**Task details**
Once the line with "Blodigt Förkläde, Kockmössa Och Köttyxa Set" is found, write it out along with every line after it, exactly, up to the last line of the entries below. Exclude pictures.

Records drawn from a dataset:
• • •

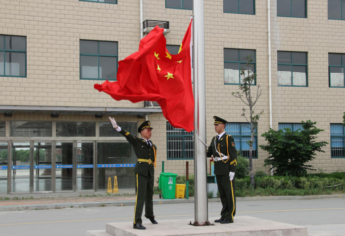 英姿飒爽的国旗护卫队护送鲜艳的五星红旗入场,伴随着庄严的《义勇军进行曲》,五星红旗冉冉升起,迎风飘扬,全体师生肃然而立,行注目礼。
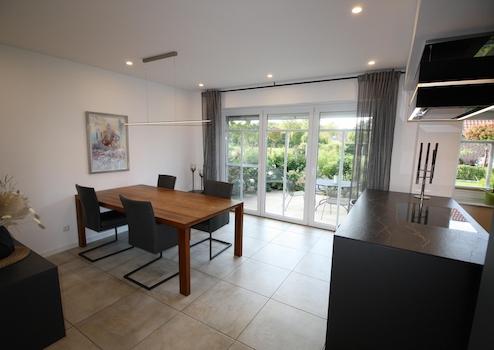 Küche: Die moderne Küche ist ein Highlight dieses Hauses. Sie ist voll ausgestattet mit modernen Küchengeräten, Kochinsel, etc. Die große Fensterfront ermöglicht einen direkten Zugang zur Terrasse, welche sich in Kombination mit der angrenzenden Küche ideal für Grillabende eignet.
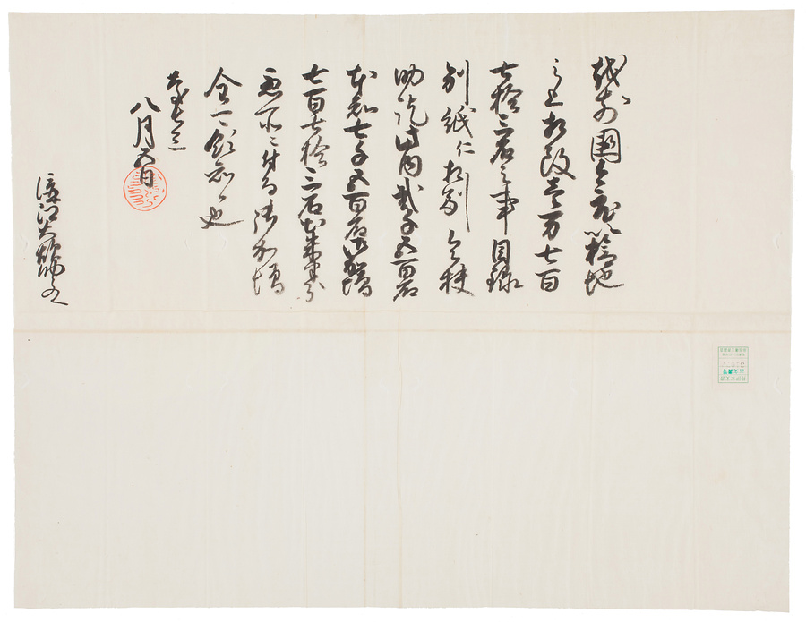 江戸時代後期に彦根藩士溝江彦之右衛門家から藩に提出された同家伝来文書の写。豊臣秀吉が溝江大炊助に、越前国一万七百七十三石の領知を宛がっています。
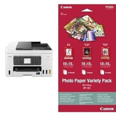 SMALL PRINTER: Print with highly efficient, professional quality with Canon printers for home use & small offices - produce sharp text & vivid colours every time WIRELESS PRINTER: Scan directly to network folders & email for uninterrupted workflows - our compact printer prints business documents at high speeds of 18 ipm (mono) & 13 ipm (colour) FEATURES: Our all-in-one printers feature tilting LCD screen, status light, intuitive UI, 3 way paper feed for multiple paper types, 35-sheet ADF, auto 2-sided printing & a large 250-sheet front casette that avoids time-wasting refills ECONOMIC: Ideal for low to medium monthly print volumes, this compact printer is integrated with ink tanks with MegaTank technology - produce high yields at supremely low cost CANON: This exceptional Canon printer is built to deliver cost-conscious & excellent print quality every time
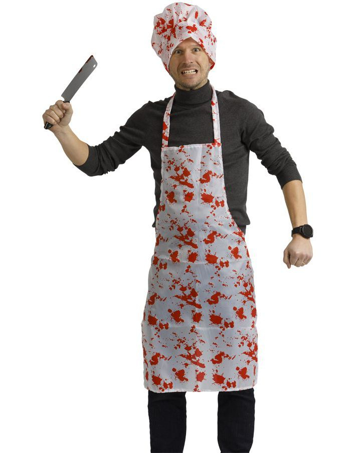 Blodigt Förkläde, Kockmössa Och Köttyxa Set
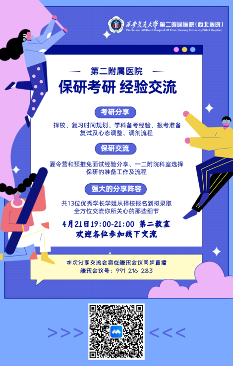 一年一度的毕业季又来了。看着即将毕业的校友们将会奔赴五湖四海继续创造自己的未来。你除了祝福和羡慕,是否也有过些许迷茫?为了帮助同学们及时了解保研考研相关事宜,4月21日晚19:00,二附院学工部“医路行”就业工作室联合本科生第二党支部,于第二教室(线下)和腾讯会议(线上)顺利举办“保研考研经验分享会”活动,会议邀请17级上岸名校的学长姐主讲,按照择校经验、学科备考、保研心得、复试调剂经验的顺序,13位优秀的学长姐分享自己的经历,为学弟学妹们的求学之路夯实根基,排坑避雷。每位分享人完成分享后,都安排有答疑环节,做到有针对性地解答,为迷茫的同学们指引方向。
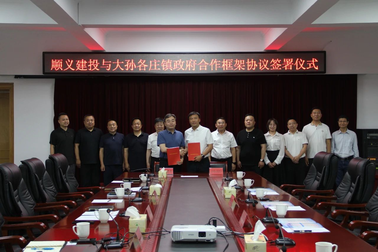 5月29日,順義建投與大孫各莊鎮舉行服務合作框架協議簽約儀式。公司黨委書記、董事長宋學農,黨委副書記、經理李建軍,副經理孫鳳閣;大孫各莊鎮黨委書記李志剛,黨委副書記、鎮長王艾清,副鎮長方磊參加。本次戰略合作續簽,是在過去合作基礎上的深化與拓展,是雙方攜手共進、共謀發展的新起點。

• • •

**Exercise output**
 Blodigt Förkläde, Kockmössa Och Köttyxa Set
 一年一度的毕业季又来了。看着即将毕业的校友们将会奔赴五湖四海继续创造自己的未来。你除了祝福和羡慕,是否也有过些许迷茫?为了帮助同学们及时了解保研考研相关事宜,4月21日晚19:00,二附院学工部“医路行”就业工作室联合本科生第二党支部,于第二教室(线下)和腾讯会议(线上)顺利举办“保研考研经验分享会”活动,会议邀请17级上岸名校的学长姐主讲,按照择校经验、学科备考、保研心得、复试调剂经验的顺序,13位优秀的学长姐分享自己的经历,为学弟学妹们的求学之路夯实根基,排坑避雷。每位分享人完成分享后,都安排有答疑环节,做到有针对性地解答,为迷茫的同学们指引方向。
 5月29日,順義建投與大孫各莊鎮舉行服務合作框架協議簽約儀式。公司黨委書記、董事長宋學農,黨委副書記、經理李建軍,副經理孫鳳閣;大孫各莊鎮黨委書記李志剛,黨委副書記、鎮長王艾清,副鎮長方磊參加。本次戰略合作續簽,是在過去合作基礎上的深化與拓展,是雙方攜手共進、共謀發展的新起點。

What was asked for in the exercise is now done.